So far I haven't shown any code, because I haven't yet said anything about the exact form of the debugging allocator. One simple option would be to build the debugging allocator on top of malloc or on top of std::allocator. In that case, we'd have a class with a single template parameter, the type of the object to be allocated. That's not quite as general as we might want: users wouldn't be able to combine testing with a user-defined allocator. For greater generality, it's better to write the debugging allocator as an allocator adaptor. (Another motive for writing it as an allocator adaptor, I admit, is pedagogical: that way we can explore general features of allocator adaptors.)

Writing an allocator adaptor presents two new problems. The first is that we don't get to make as many assumptions about what we're dealing with as we may be used to. We can't necessarily assume that Allocator::pointer is of type T*, and we can't necessarily assume that we can put objects — even objects of built-in types, like char and int — in uninitialized memory. We have to use construct and destroy religiously. This is a nuisance, but it's just a matter of being careful.

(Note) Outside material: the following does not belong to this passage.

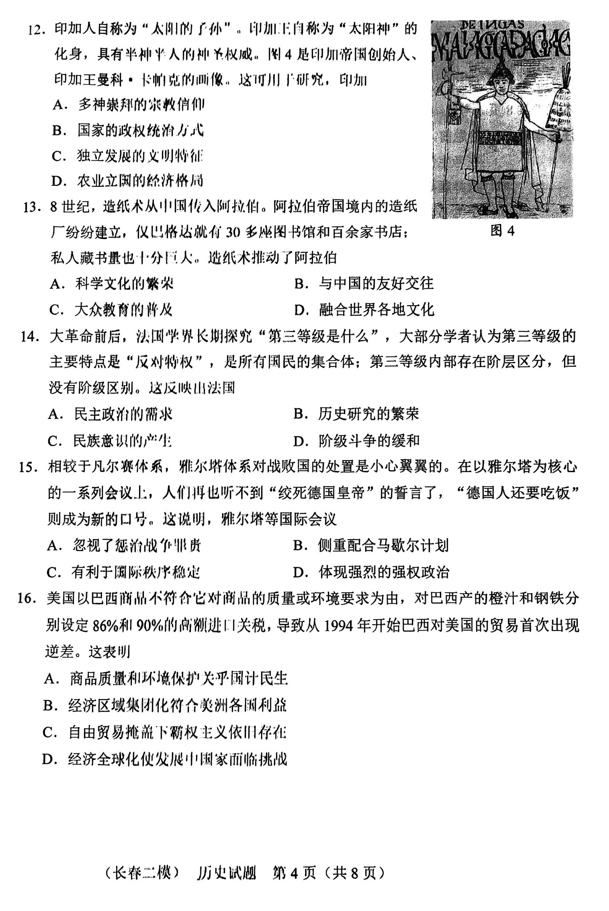长春二模2025届高三质量监测(二)历史试题及答案 时间:2025-02-26 吉林 文综试题 长春二模2025届高三质量监测(二)历史考试已于近日开考,为方便考生考后及时查看考试情况,查漏补缺、弥补不足,本文整理了试题答案解析相关信息! 汇总:长春二模2025届高三质量监测(二)试题及答案汇总 历史试题及答案解析

The second problem is a design issue: what should our debugging allocator's template parameters look like? A first thought might be that we should just have a single template parameter, a template template parameter. However, that's not general enough: a template template parameter is only good for a specific number of arguments, and allocators aren't so constrained. A template template parameter that sufficed for the default allocator, std::allocator<T>, wouldn't work for a user-defined allocator with extra arguments, like my_allocator<T, flags>.

What about a single ordinary template parameter, then? We might imagine writing:

template <class Allocator>
class debug_allocator;

That comes closer. A user might write, for example, debug_allocator<std::allocator<int> >. Unfortunately, there's still a problem. An allocator's value type may be void, and sometimes (as I described in my earlier column) this is even useful and important. What happens if a user writes this?

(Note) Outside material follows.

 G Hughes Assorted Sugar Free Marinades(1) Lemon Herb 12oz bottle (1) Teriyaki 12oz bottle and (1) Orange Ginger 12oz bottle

typedef debug_allocator<std::allocator<int> > A;
typedef typename A::template rebind<void>::other A2;

The problem is that A2's value type is void, and there are some things in allocator classes that make no sense for void. There's a reference typedef, for example, and void& makes no sense; it will cause a compilation error. The default allocator has a specialization, std::allocator<void>. Somehow, we need a specialization too.

We can't quite say that we want a specialized version of debug_allocator<Allocator> that we'll get whenever Allocator's value type is void, but there's a trick that does the next best thing. We can give debug_allocator a second template parameter, let it default to Allocator::value_type, and then write a partial specialization that applies whenever the second template parameter is void. That second template parameter is purely an implementation detail: users will never write it explicitly, but will refer to this adaptor by writing (for example) debug_allocator<std::allocator<int> >.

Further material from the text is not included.